Hi all,

I'm currently re-analysing Agilent single-channel microarray data (3 paired pre/post-treatment human samples) using the limma package.

For differential expression (DE) analysis, I had previously used the eBayes method, followed by topTable to filter based on FDR<0.05 and then filtering based on FC>2 cut-off. (Method 1)

However, based on the forum posts and literature I have recently read, my understanding is that this method computes adjusted p-values independently of the FC cut-off whereas treat incorporates FC threshold in the hypothesis testing.

As a result, I am now using the treat method with fc=1.2, followed by topTreat to filter based on FDR < 0.05. (Method 2)

• Which of these 2 methods is the recommended/preferred method for DE analysis of microarray data?
  • How is the estimated FC calculated based on the fc threshold parameter of treat? The literature mentions that "Setting fc=1.2 or fc=1.5 will usually cause most differentially expressed genes to have estimated fold-changes of 2-fold or greater, depending on the sample size and precision of the experiment." Is there a way to formally calculate this estimated FC?
  • Also, I am using trend=TRUE and robust=TRUE. Would this be appropriate to use by default?

Thank you very much,

Nik

Here is my code:

#Design matrix
Patient <- factor(targets$Patient)
Treatment <- factor(targets$Treatment)
Sex <- factor(targets$Sex)
Status <- factor(targets$Status)

design <- model.matrix(~0 + Treatment + Patient)

fit <- lmFit(yfilt, design)

#Remove duplicate probes for the same gene symbol
#Keep the one with the largest overall expression value
o <- order(fit$Amean, decreasing = TRUE)
fit <- fit[o, ]
d <- duplicated(fit$genes$Symbol)
fit <- fit[!d, ]

#Contrast matrix
contrast.matrix <- makeContrasts(TreatmentPost - TreatmentPre, levels = design)

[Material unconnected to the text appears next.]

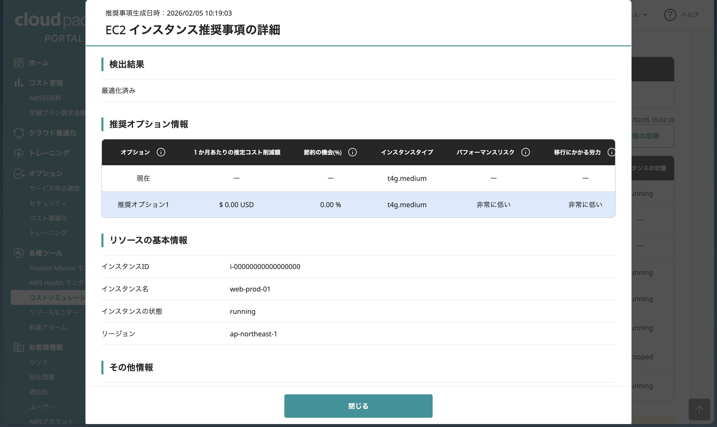 コストシミュレーションは、この「過剰スペック」を見つけ出し、「今の稼働状況なら、こちらのサイズに変更することでコストを最適化できますよ!」と提案してくれるのです。

fit2 <- contrasts.fit(fit, contrast.matrix)

Method 1:

fit2 <- eBayes(fit2, trend = TRUE, robust = TRUE)

genelist.T <- topTable(fit2, coef = 1, number = Inf, p.value = 0.05, adjust.method = "BH")

genelist.T.filt <- filter(genelist.T, (logFC < -log2(2) | logFC > log2(2)))

Method 2

fit2 <- treat(fit2, lfc = log2(1.2), trend = TRUE, robust = TRUE)

genelist.T.filt <- topTreat(fit2, coef = 1, number = Inf, p.value = 0.05, adjust.method = "BH")

The appropriate use of treat is illustrated and explained in the example workflow articles:

• RNAseq123 workflow
• RnaSeqGeneEdgeRQL workflow

There is also a case study with Agilent microarray data in the limma User's Guide.

We strongly recommend against the use of FC cutoffs so we definitely do not recommmed your Method 1. I understand that FC cutoffs are common in the published biomedical literature, but they are unnecessary and poor practice in the limma context.

Method 2 is strongly recommended over Method 1. We recommend that you either use topTable without a FC cutoff or use topTreat. Unlike ordinary t-tests, limma always prioritizes large fold changes over small fold changes, whether you use treat or not, so the use of naive FC cutoffs is unnecessary and actually harmfull.

As the help page for topTable says

"Although topTable enables users to set p-value and lfc cutoffs simultaneously, this is not generally recommended. If the fold changes and p-values are not highly correlated, then the use of a fold change cutoff can increase the false discovery rate above the nominal level. Users wanting to use fold change thresholding are usually recommended to use treat and topTreat instead."

How is the estimated FC calculated based on the fc threshold parameter of treat? ... Is there a way to formally calculate this estimated FC?

Treat is not equivalent to a FC cutoff. It is not possible to estimate the equivalent FC cutoff because there is none. On the other hand, you will find that the all the DE genes after using treat will have an estimated fold-change higher than the nominated theshold, and quite a bit higher if the sample sizes are small or the data is noisy.

Also, I am using trend=TRUE and robust=TRUE. Would this be appropriate to use by default?

We do not recommend trend=TRUE in conjunction with voom and RNA-seq data because it is superfluous in that case. For Agilent microarray data, these two options are sufficiently robust that you could use them routinely.